### ACTION ITEM
Transcribe the lines below exactly, beginning with the line that holds "Pelaajille, jotka nauttivat" and ending with the final line, both included. Pictures are to be left out.

### EXERCISE DATA
[Start of section]

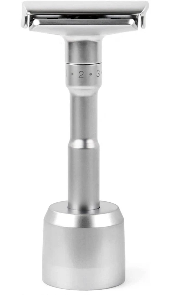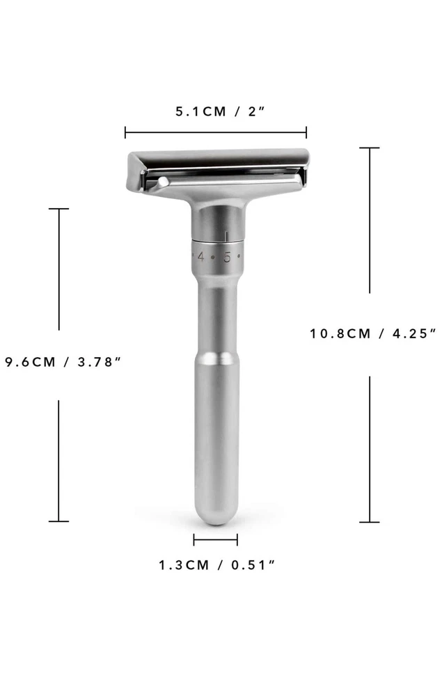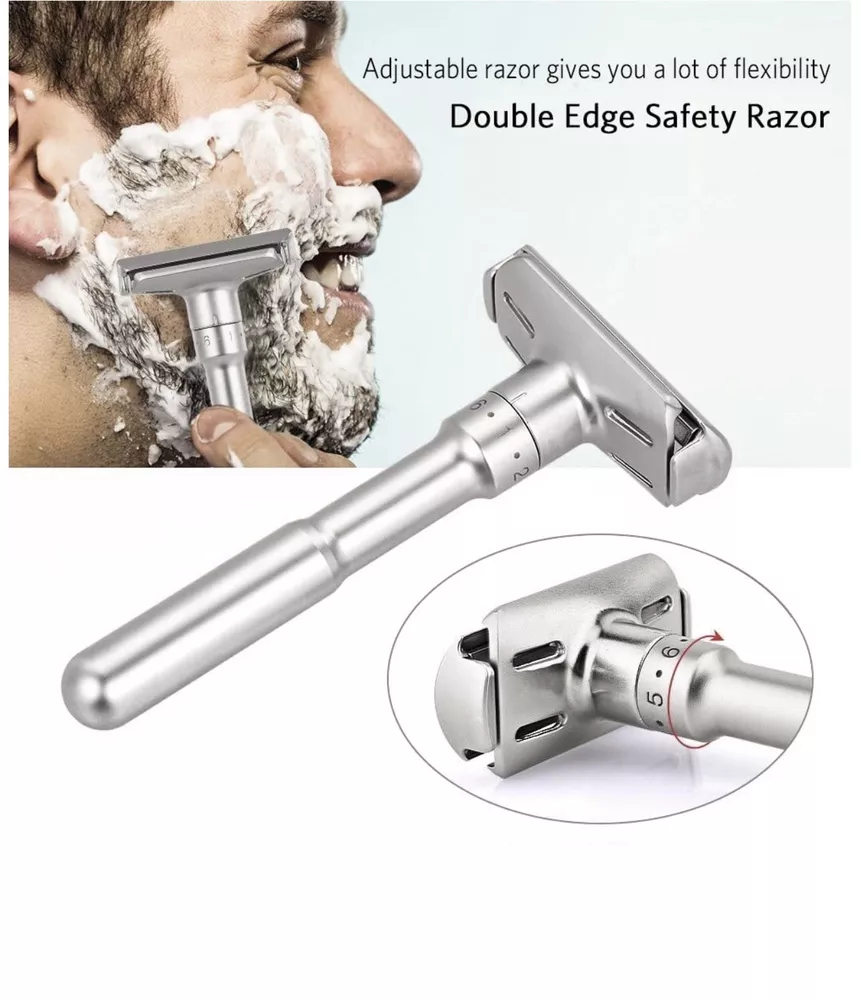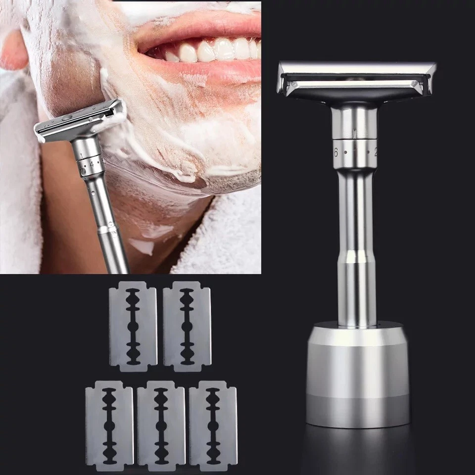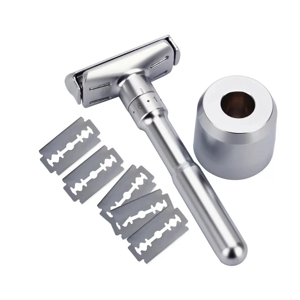 Shave Classic Adjustable Double Edge Safety Razor. Condition is "New". Shipped with USPS First Class. This adjustable razor gives you a lot of flexibility in terms of how you want it aggressive. If you want a relax shave, use it at a low setting. If you want take off three-day-stubble with ease, use it at medium or high setting. Caution: When you are adjusting the aggressiveness, please do so with dry hands. Always hold it on the sides of the head away from the sharp edges. Design and Quality Modern aesthetics and design with excellent craftsmanship Comes in brushed chrome satin. A truely beauty to behold The weight of the safety razor is very well distributed, allows you to pretty much let it do most of the work Long handle (4 inches) is great for men with large hands Easy Blade Change Unlike other razors that use a screw to hold the blade in place, this razor uses a clip. This design makes it easy to change the blade. Pop off the top plate with your thumb. Load the blade on the razor Pop the top plate back in place. Caution: When you are changing the blade, please do so with dry hands. Always hold it on the sides of the head away from the sharp edges. Leather Features & details Designed Adjustable Handle to set blade exposure levels from 1 to 6 High quality stand made by aluminum alloy, polished finish Package includes: 1 pc Razor, 1pc Stand, 1pc Genuine leather & 5 pcs Titanium coated Stainless Steel blades Handle measures 3.5 in. length. Razor total dimensions are 2 L x 1 W x4.25 H. Razor weights 90g Product information Regular Handle with Stand
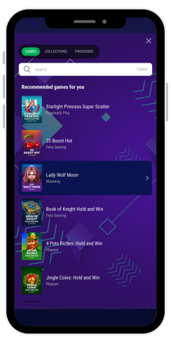 Pelaajille, jotka nauttivat monipuolisuudesta - pelejä on 111 tarjoajalta, mikä on valtava valikoima, ja aulassa voit suodattaa nimien, tarjoajien tai kuratoitujen kokoelmien mukaan.
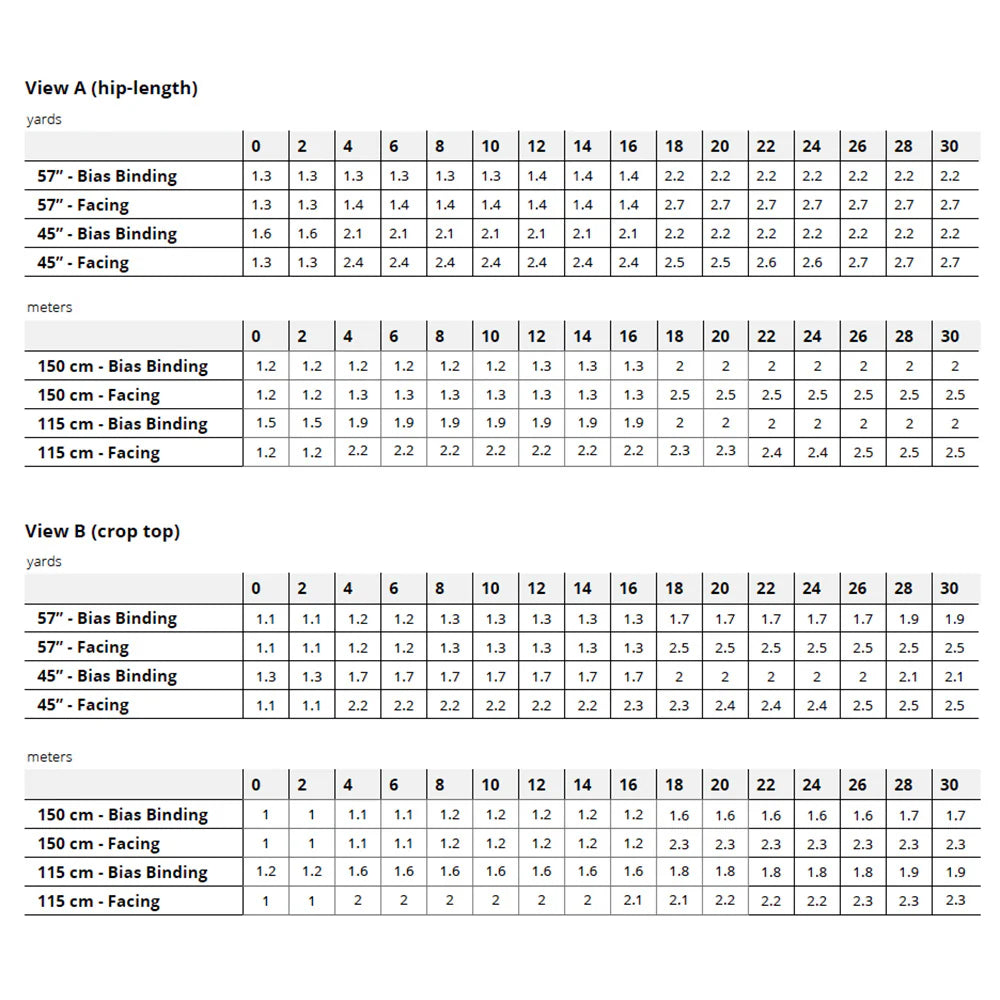 View Size Chart & Fabric Requirements

[End of section]

### TASK RESPONSE
 Pelaajille, jotka nauttivat monipuolisuudesta - pelejä on 111 tarjoajalta, mikä on valtava valikoima, ja aulassa voit suodattaa nimien, tarjoajien tai kuratoitujen kokoelmien mukaan.
 View Size Chart & Fabric Requirements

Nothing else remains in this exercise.